Work instruction: Copy nothing but the lines below, from the one with "Nothing screams summertime" through the one with "La Montagne - 14/01/2012", exactly as written; no pictures should appear.

Supplied data:

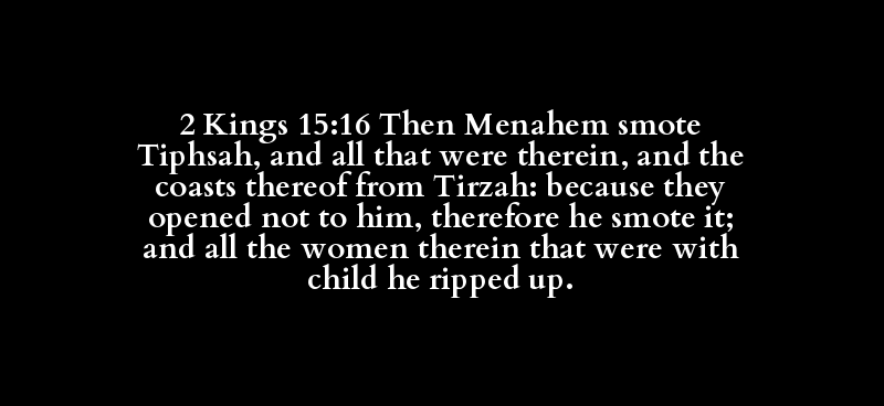2 Kings 15:16 Then Menahem smote Tiphsah, and all that were therein, and the coasts thereof from Tirzah: because they opened not to him, therefore he smote it; and all the women therein that were with child he ripped up.
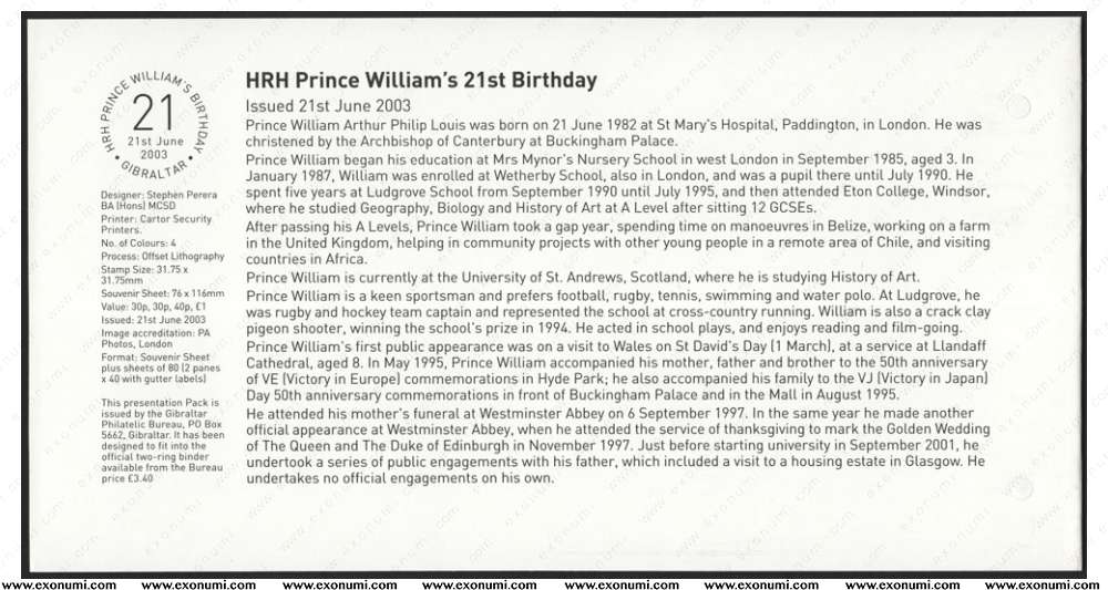 Gibraltar - Prince William 21st Birthday (2003) MS
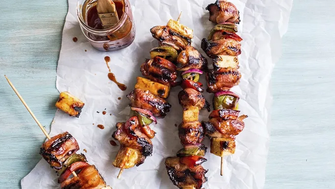 Nothing screams summertime like food on a stick. We wove pineapple, chicken and veggies with strips of smoky bacon and slathered on an irresistible sweet and sticky Hawaiian sauce. It’s time to fire up the grill—like now.
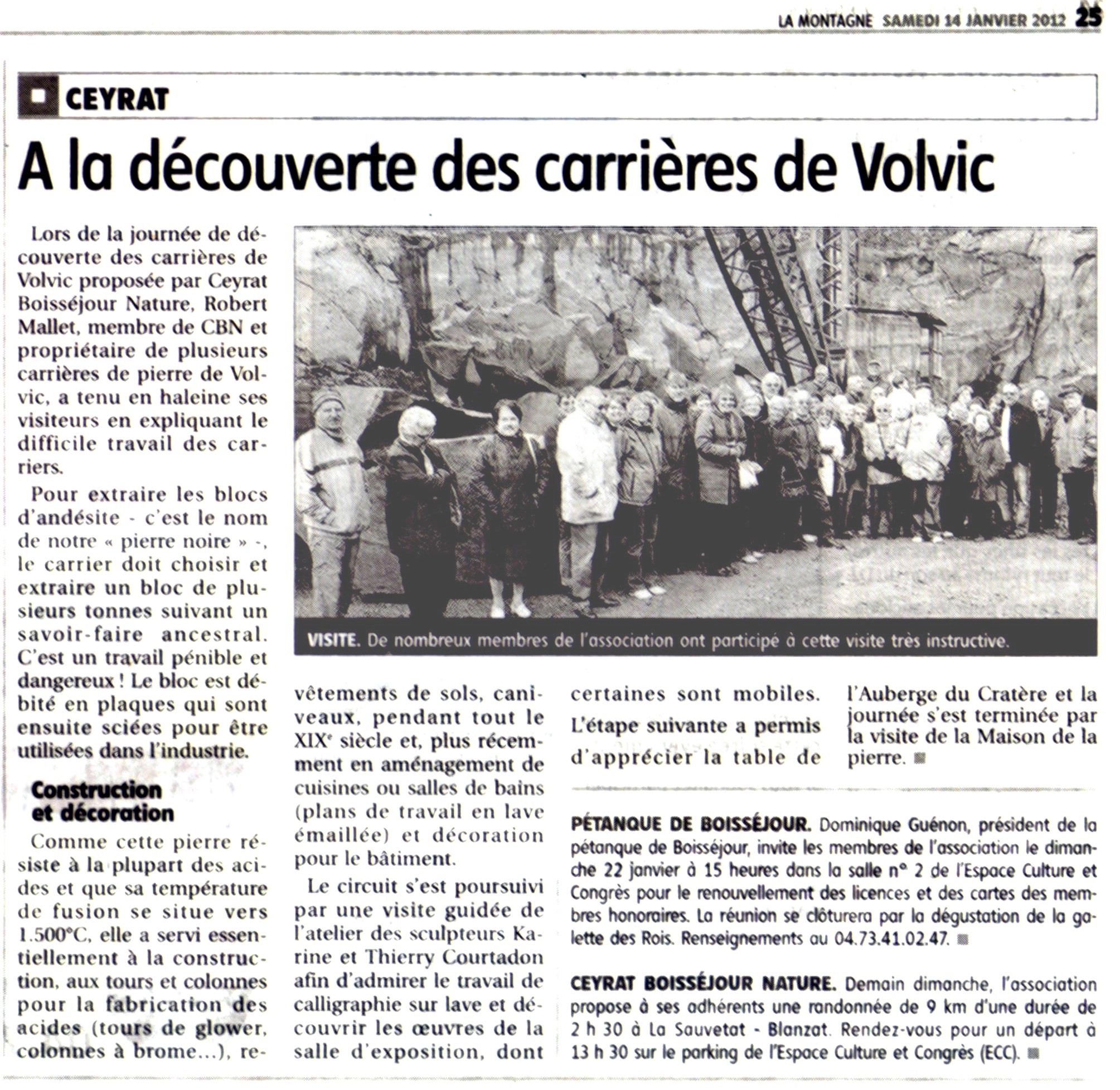 La Montagne - 14/01/2012 - A la découverte des carrières de Volvic
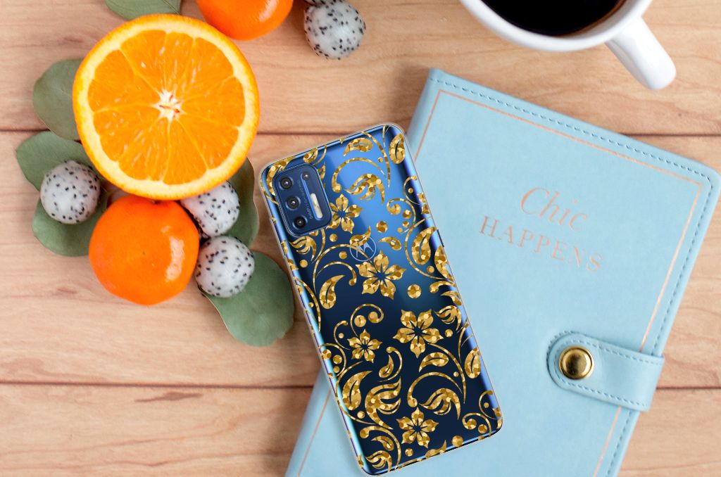 Ben je op zoek naar een uniek telefoonhoesje voor je Motorola Moto G9 Plus? Dan ben je bij B2C Telecom aan het juiste adres! Speciaal voor jou hebben we dit prachtige Gouden Bloemen design in onze collectie hoesjes opgenomen. Het design wordt bedrukt op een TPU Case en is gemaakt van flexibel rubber. Het design wordt alleen aan de bovenkant van het hoesje bedrukt en de randen blijven transparant. Aan de zijkanten zijn uitsparingen gemaakt waardoor je met gemak alle knoppen en poorten kunt bedienen. Wij adviseren om dit hoesje in combinatie met een screenprotector te gebruiken voor een langere levensduur van je telefoon. Wil je dit design hoesje nog iets extra's geven? Voeg dan gratis je naam of een quote toe! Is dit design hoesje toch niet helemaal wat je zocht? Ontwerp dan zelf een hoesje in ons ontwerpprogramma.
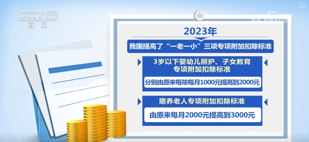 據(jù)介紹,2023年,我國提高了“一老一小”三項專項附加扣除標(biāo)準(zhǔn)。3歲以下嬰幼兒照護(hù)、子女教育專項附加扣除標(biāo)準(zhǔn),分別由原來每孩每月1000元提高到2000元,贍養(yǎng)老人專項附加扣除標(biāo)準(zhǔn)由原來每月2000元提高到3000元。
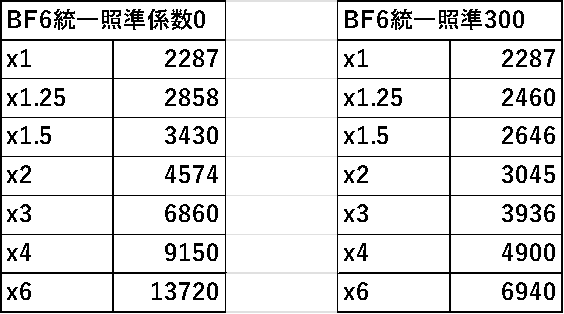 さてBF6はどうでしょうか。今度はBF6の3倍はBFV2.6倍相当というように、逆にBFV倍率よりも低いです!

Solved exercise:
 Nothing screams summertime like food on a stick. We wove pineapple, chicken and veggies with strips of smoky bacon and slathered on an irresistible sweet and sticky Hawaiian sauce. It’s time to fire up the grill—like now.
 La Montagne - 14/01/2012 - A la découverte des carrières de Volvic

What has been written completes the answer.